Il fascismo insomma – denunciava un grande filosofo di cultura liberale come Benedetto Croce – aveva portato la società italiana a un repentino sbandamento e a un abbassamento “nella coscienza della libertà”.

Dall’altra parte, l’Italia antifascista – per merito degli Alleati e della guerra partigiana – riuscì a rientrare a far parte delle nazioni civili e ad avviare un processo di democratizzazione che dura fino a oggi, e la prima creazione di questa nuova Italia fu la Costituzione repubblicana.

Appare quindi scontato che le due esperienze non siano conciliabili ma, come ha scritto Norberto Bobbio, “l’impossibilità di una riconciliazione storica non esclude, e la pacificazione esige il senso di umana pietà (che va ben al di là del perdono) per tutte le vittime”.

E allora, di fronte a rigurgiti di un passato tragico come quello del fascismo, la democrazia ha il diritto di difendersi, ed è quindi giusto vietare il fascismo come “radice” di partiti o movimenti politici.
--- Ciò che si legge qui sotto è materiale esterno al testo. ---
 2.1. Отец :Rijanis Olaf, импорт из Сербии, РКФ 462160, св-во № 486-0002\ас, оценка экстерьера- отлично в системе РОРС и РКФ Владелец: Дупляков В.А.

Così come, appunto, non possiamo non dirci antifascisti, poiché “antifascismo” significa letteralmente contrario di fascismo. È vero che per essere buoni democratici l’antifascismo è “solo” una delle virtù necessarie, ma è altrettanto vero che chi esalta il fascismo, o peggio, il nazismo e i suoi deliri biologico-razziali dichiara di volere abbattere la democrazia.
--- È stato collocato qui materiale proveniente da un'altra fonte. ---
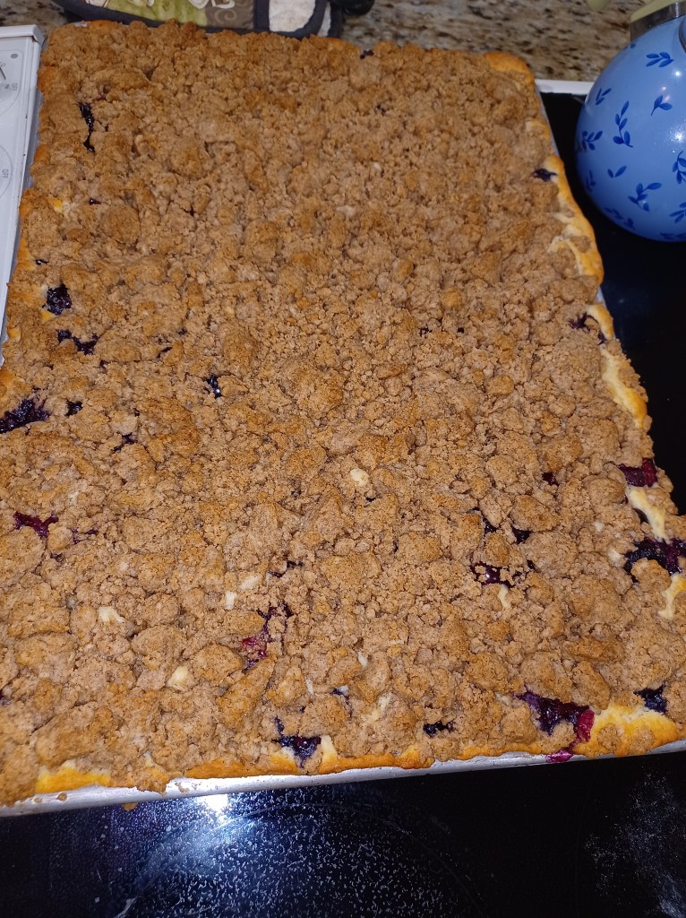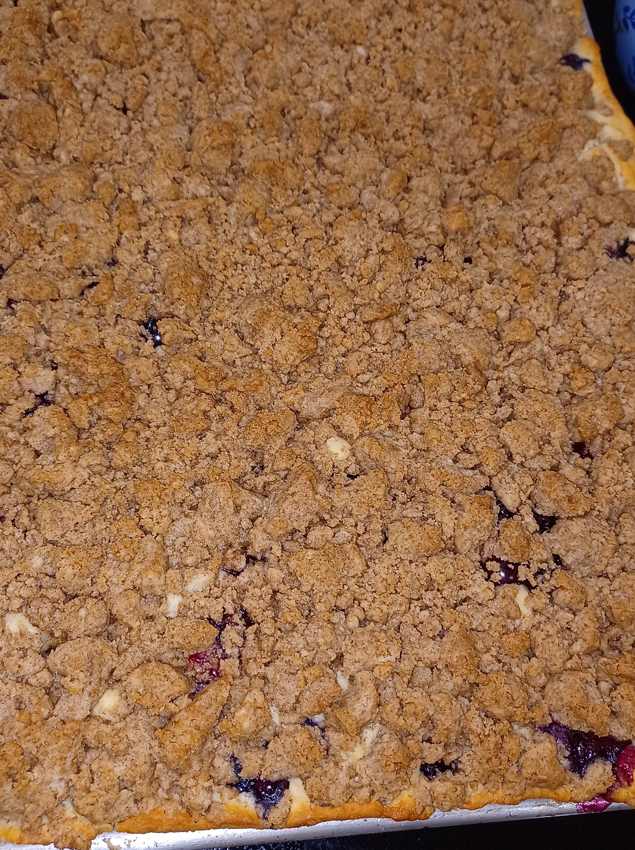 This is blueberry crumbcake. It was one of my most popular breakfast treats at the market. People would buy 6 or 8 pieces at a time! It is super delicious and loaded with blueberries! The vanilla base cake covered with blueberries then topped with a rich, buttery crumb. It is hard to beat this crumbcake!

Il Ministro Minniti ha risposto puntualmente alla nostra interpellanza, sostenendo che il Governo userà tutti i mezzi per contrastare chi si ispira ad ideologie neofasciste. Spetta alla Magistratura decidere se esistono le condizioni per un loro scioglimento. Noi, in ogni caso, dobbiamo difendere i valori dell’antifascismo, sapendo interpretare un mondo che cambia. Nuovi poteri, finanza e terrorismo internazionale, reti informatiche, scavalcano gli stessi Stati e sono esenti da ogni controllo democratico. In Europa l’austerità ha divorato milioni di posti di lavoro, accentuando le disuguaglianze. Togliendo dignità a milioni di lavoratori e mortificando le speranze di milioni di giovani. Mi chiedo sempre più spesso se democrazia e diritti delle persone siano ancora conciliabili tra loro. Si è detto che recentemente a Coblenza si sono incontrati i leader dei partiti populisti. Non condivido. Dentro il termine ambiguo di populismo si rifugiano, a mio giudizio, fatti, timori e interessi molto diversi fra loro. A Coblenza si è riunita la destra reazionaria europea. Nazionalista. Il nazionalismo ha prodotto enormi tragedie nel secolo scorso. Trump e Putin lavorano apertamente per disarticolare l’Europa. Dobbiamo parlare ai giovani, che sono la nostra risorsa più importante, con “lingua diritta” e senza paternalismi. Al di là del sogno di un’Europa federale, dei popoli, oggi, per esempio, occorre realisticamente battersi per un sistema di difesa comune, indispensabile per difendere la pace e la libertà. Del resto il rilancio della difesa europea è oggi l’unico cantiere di natura istituzionale che è possibile avviare a Trattati vigenti.

Queste battaglie devono intrecciare lotta politica e crescita culturale. Sono più attuali che mai e devono essere condotte in tutti i luoghi della democrazia, in Parlamento, sui banchi di scuola, nei libri, in Tv e sui giornali.

Perché, appunto, anche nel XXI secolo la democrazia ha il diritto di difendersi e gli antifascisti, che hanno costruito la democrazia in Italia, sono le sue sentinelle.